Home antigen tests are still a valid way to check for COVID, but there’s a catch with timing. The FDA notes that how quickly a test can detect the virus may vary between different variants and different test brands. If you test negative but have symptoms, testing again 24 to 48 hours later improves your chances of catching a true positive. The tests detect a protein on the virus’s outer shell that hasn’t changed as dramatically as the spike protein, which is why they continue to function across variants.

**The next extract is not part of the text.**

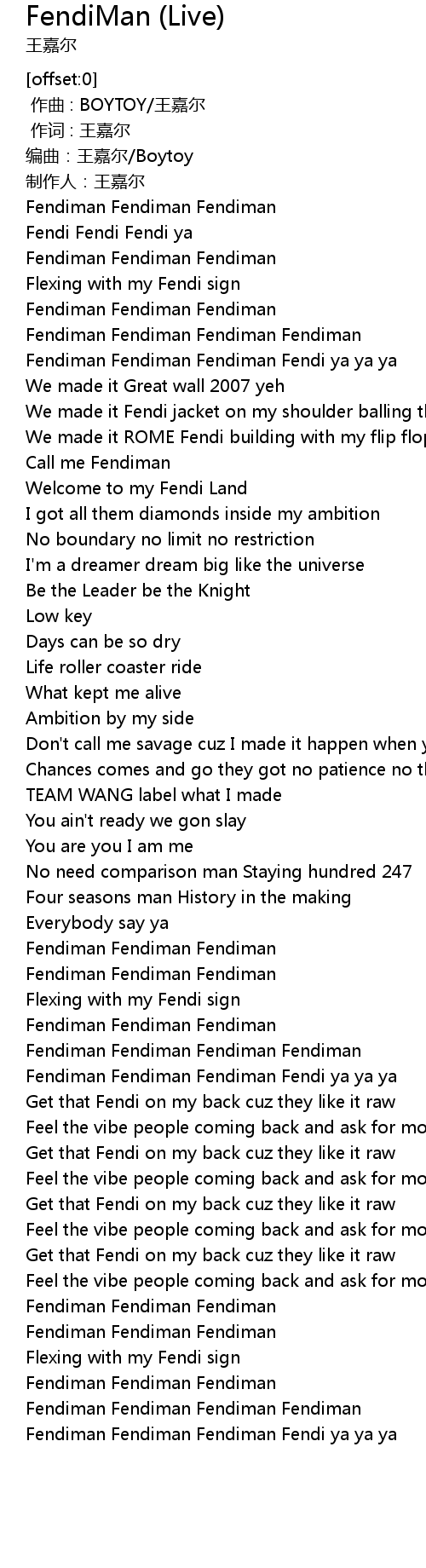 | [01:59.95] | Fendiman Fendiman Fendiman |

Why the Names Keep Changing
Early in the pandemic, the WHO assigned Greek letters (Alpha, Beta, Delta, Omicron) to major variants that behaved significantly differently from their predecessors. Since Omicron, the virus has continued evolving but hasn’t produced a variant different enough to earn a new Greek letter. Instead, scientists use the Pango lineage system, which is why you see alphanumeric codes like KP.3.1.1 or NB.1.8.1. Each code traces the variant’s family tree back through its parent lineages.
The WHO groups these into two tiers: Variants of Interest (VOIs), which show confirmed changes in transmissibility or immune evasion, and Variants Under Monitoring (VUMs), which have genetic changes worth watching but haven’t yet proven to pose a significantly increased risk. All of the newest names on the list currently fall into the VUM category, with JN.1 remaining the sole VOI as the broad parent lineage.